What is the right thing to do when the house has already been built and is in use, but the walls have begun to become damp? All of the above tells us that it is necessary to change the factors influencing the dew point. This means that you can either increase the heating to reduce the humidity level, or reduce the difference in the temperature of the coatings, namely, lay a layer of external thermal insulation.
Wall insulation options
Why do we insulate the walls from the outside? First of all, it's convenient. Secondly, in this case, the temperature of the external environment will be not the wall of the house, but the thermal insulation layer. The temperature decrease curve will become flatter, and the dew point will actually move towards the edge of the insulating layer. For important tips on this issue, watch this video:
The thicker the coating, the more likely it is that the dew point in the thermal insulation body will shift beyond the walls of the house. As a result, houses that are well insulated on the outside last longer and do not require high heating costs.

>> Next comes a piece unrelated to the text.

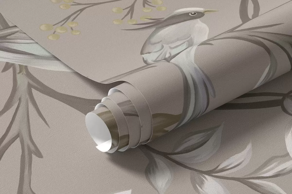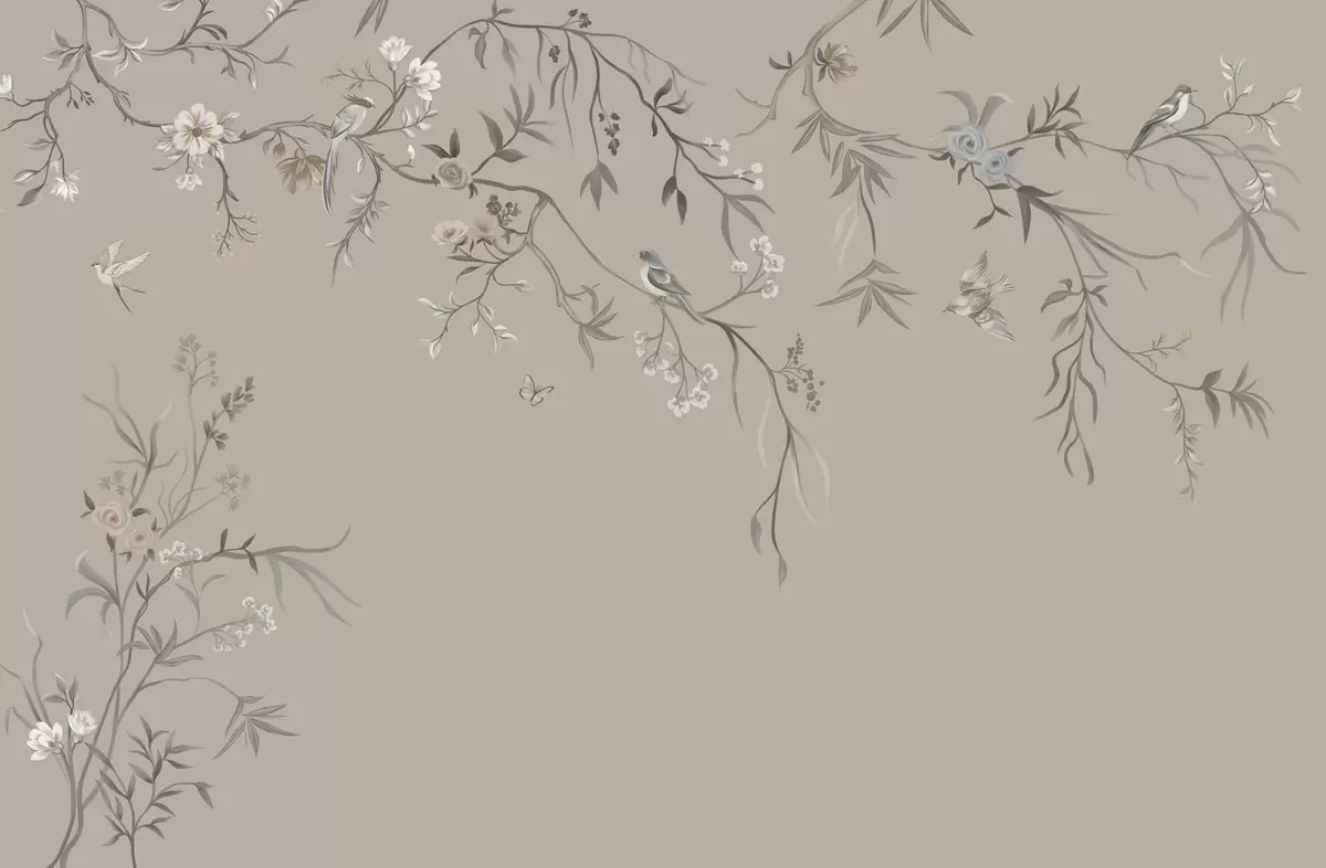Fototapety Květinový ornament s ptáky na neutrálním pozadí Č. w05127v3

A short excursion into the physics of the phenomenon
The dew point is the temperature of the air at which excess moisture contained in it falls out in the form of condensation. Why is there too much of it? The fact is that warm air holds a large amount of water vapor, cold air holds much less. It is this temperature difference that forms condensation . An example of the phenomenon are drops of water on cold water pipes or windows, or fog.
What else you need to know about dew point:
- The higher the humidity, the closer it is to the air temperature, and vice versa.
- Its value cannot be higher than the air temperature.
- Condensation always appears on cold surfaces . This is explained by the fact that the warm air next to them cools and its humidity decreases.
The unit of measurement for the condensation point is degrees Celsius.
Thermal insulation material
As we have already figured out, it is better to use thermal insulation material that can be mounted on the outside of the building. As a rule, we are talking about penoplex, polystyrene foam or mineral wool.
The material based on mineral wool has good vapor permeability. In this case, part of the moisture is retained in the insulation and flows down under the influence of gravity. This circumstance does not threaten the insulation in any way, since basalt or glass fiber is resistant to moisture.
It would be a good idea to install a layer of waterproofing at the bottom of the building to prevent the foundation from collapsing.
Materials such as penoplex are vapor-tight, so when installing them you should leave an air pocket to remove moisture from the inner surface of the material.
If these conditions are met, we can talk about the safety of the walls and the effectiveness of insulation.
The dew point in a frame house corresponds to the place where liquid droplets form when cold and warm air currents come into contact. Heating the internal area of a building involves heating the air, which is vented outside through the walls. Upon contact with a cold surface, the air temperature drops with the simultaneous formation of droplets. If condensation forms inside the insulation, its getting wet leads to premature loss of performance characteristics and the duration of operation of the building.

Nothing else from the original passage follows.